» **PROVIDED DATA**:
=== Section Start ===

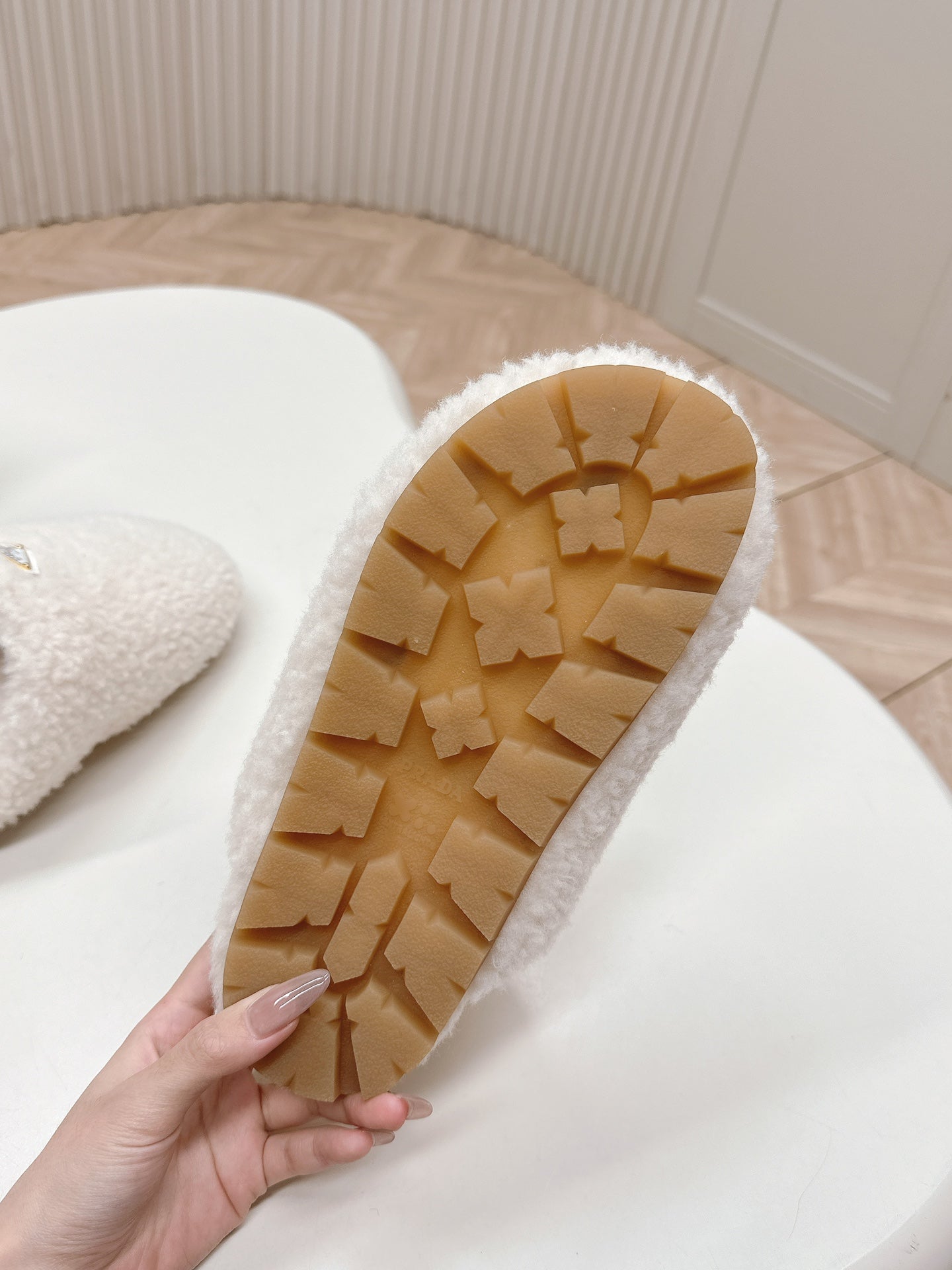 MULES ATTACHED TRIANGLE LOGO IN WHITE SHEARLING
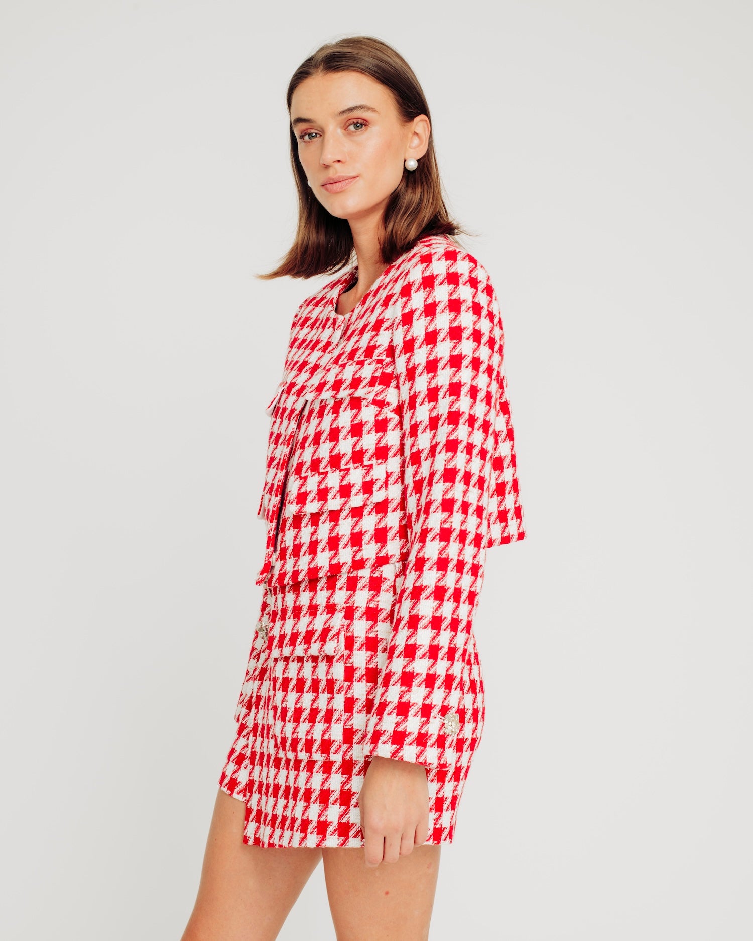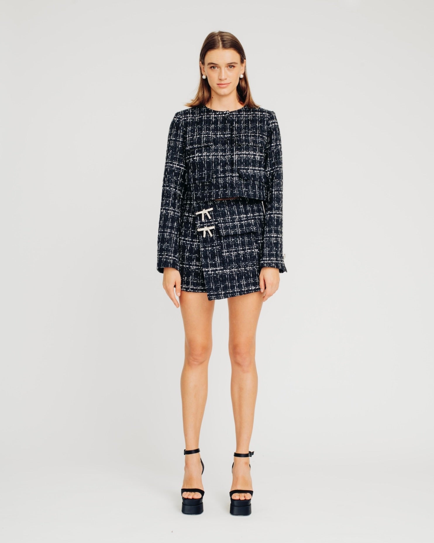 Coco Skort, a chic companion to its jacket counterpart with its Embellished Tweed design. This skort effortlessly captures the essence of glamour and individuality, featuring embellished details that add a touch of bold sophistication to the tweed texture. Perfect for those who embrace the fusion of modern edge and timeless elegance, the Coco Skort embodies the distinctive Torn by Ronny Kobo aesthetic. Elevate your wardrobe with this standout piece, where every thread tells a tale of confident style, making a statement that resonates with the unmistakable allure of Torn by Ronny Kobo.
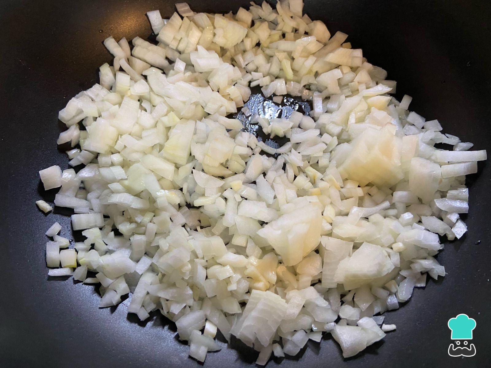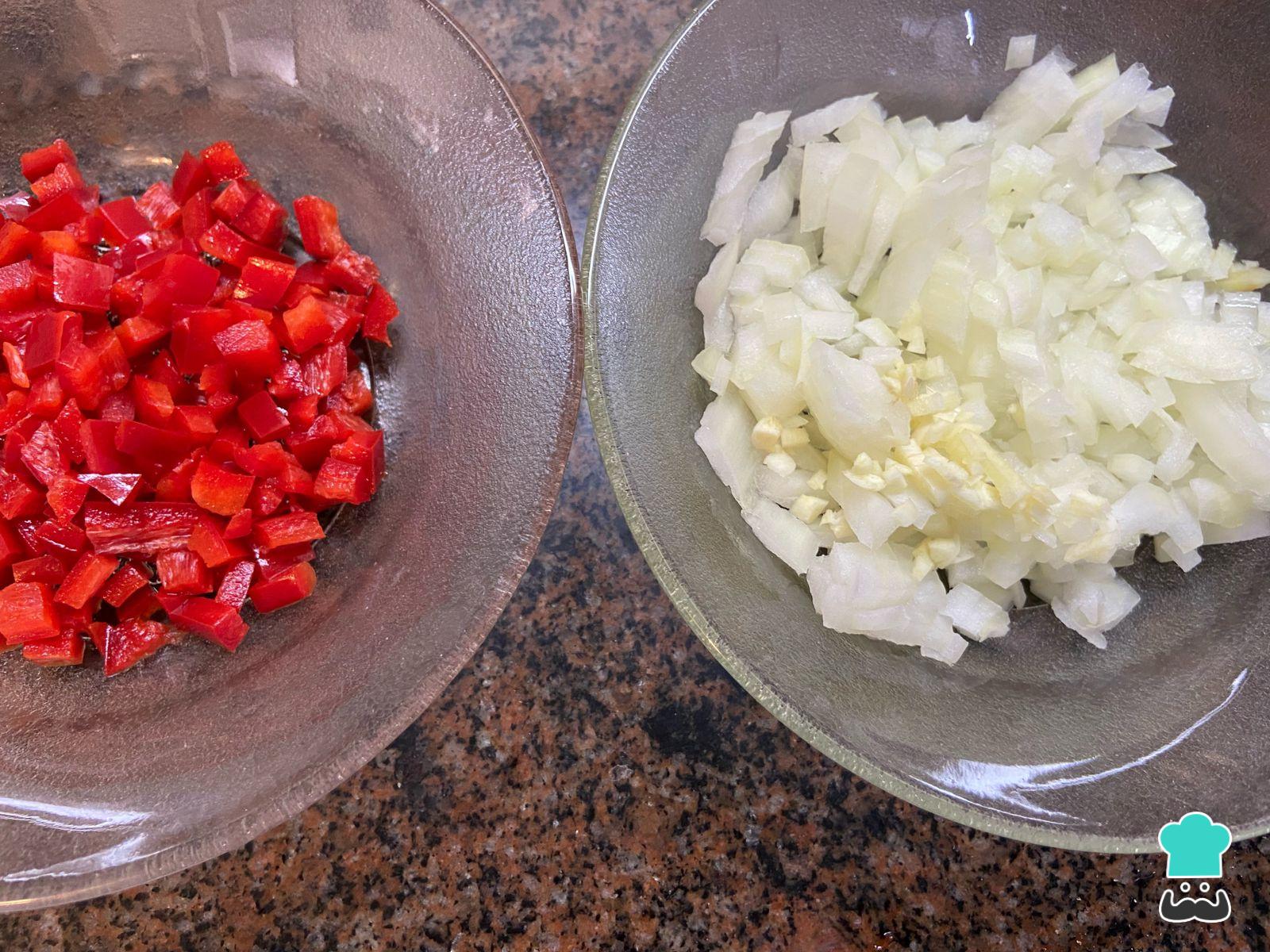 Para comenzar con esta preparación, pela y pica la cebolla y el ajo. También lava retira las nervaduras y corta en pequeños cubos el pimiento.

=== Section End ===

» **EXERCISE REQUIREMENTS**:
Your task is to copy exactly the lines from the line containing "Coco Skort, a" through the final line of the listing above and to omit every picture.

» **WORKED SOLUTION**:
 Coco Skort, a chic companion to its jacket counterpart with its Embellished Tweed design. This skort effortlessly captures the essence of glamour and individuality, featuring embellished details that add a touch of bold sophistication to the tweed texture. Perfect for those who embrace the fusion of modern edge and timeless elegance, the Coco Skort embodies the distinctive Torn by Ronny Kobo aesthetic. Elevate your wardrobe with this standout piece, where every thread tells a tale of confident style, making a statement that resonates with the unmistakable allure of Torn by Ronny Kobo.
 Para comenzar con esta preparación, pela y pica la cebolla y el ajo. También lava retira las nervaduras y corta en pequeños cubos el pimiento.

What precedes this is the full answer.